Note that if this is the first time you access the cloned repository you will get a prompt for your VSTS credentials, that is the ***Git Credential Manager for Mac and Linux (GCM4ML) ***tool at work. Subsequently when you access the project folder again using VSC you will not get the prompt since your credentials will be encrypted and stored in the Mac’s Keychain, a very nice secure access feature.

Notice also that in VSC we have Git integration, this is going to allow us to easily commit to the remote repository and then push our changes. This is all coming together nicely now, let’s commit the initial code:

once you commit the code locally, you can just publish the branch, in this case ‘master’, to VSTS. There is a handy tool shortcut at the bottom of VSC for this:

And just like that all your code is now in VSTS, ready to be shared with a Windows client:

Running On Windows

Now you need to clone the same repository into your Windows client. Note that by now you should have already installed the equivalent tooling for developing ASP.NET Core apps in Windows, getting a secure clone from VSTS using the GCM4ML tool and you have your VSC ready to view your code.
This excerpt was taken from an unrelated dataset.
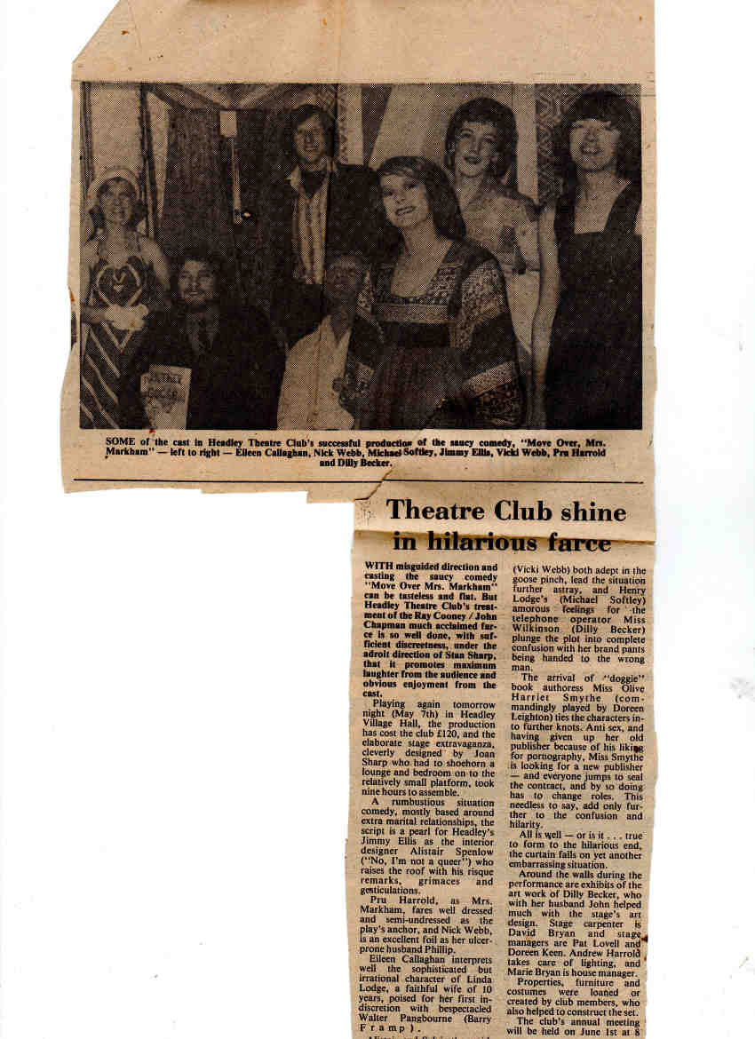 Photo of the cast for Headley Theatre Club's production of 'Move Over Mrs Markham', May 1977

If so then you will see that you can successfully clone the repository to a directory of your choice:

Then from the MyCrossSampleApp directory in our local repository, we run the same commands to restore packages if needed and run the application:

dotnet restore

dotnet run

The project compiles and the web server starts without a hiccup!

In my case the application can be access on http://localhost:5000 , same as Mac! :

The code can also be accessed using VSC from Windows:

I should add that full intellisense is available for the sample project using VSC:


The promise of cross platform development is holding true, at least for my tests in Mac and Windows, but even then this is a tremendously great feat to pull off. Kudos to Microsoft and all the people involved in making cross platform development a reality. Beyond any doubt accomplishing this was not easy, but I am thankful that it was done, as this style of development will reduce a lot of friction for me (and many others) whenever I switched between platforms/machines/OS.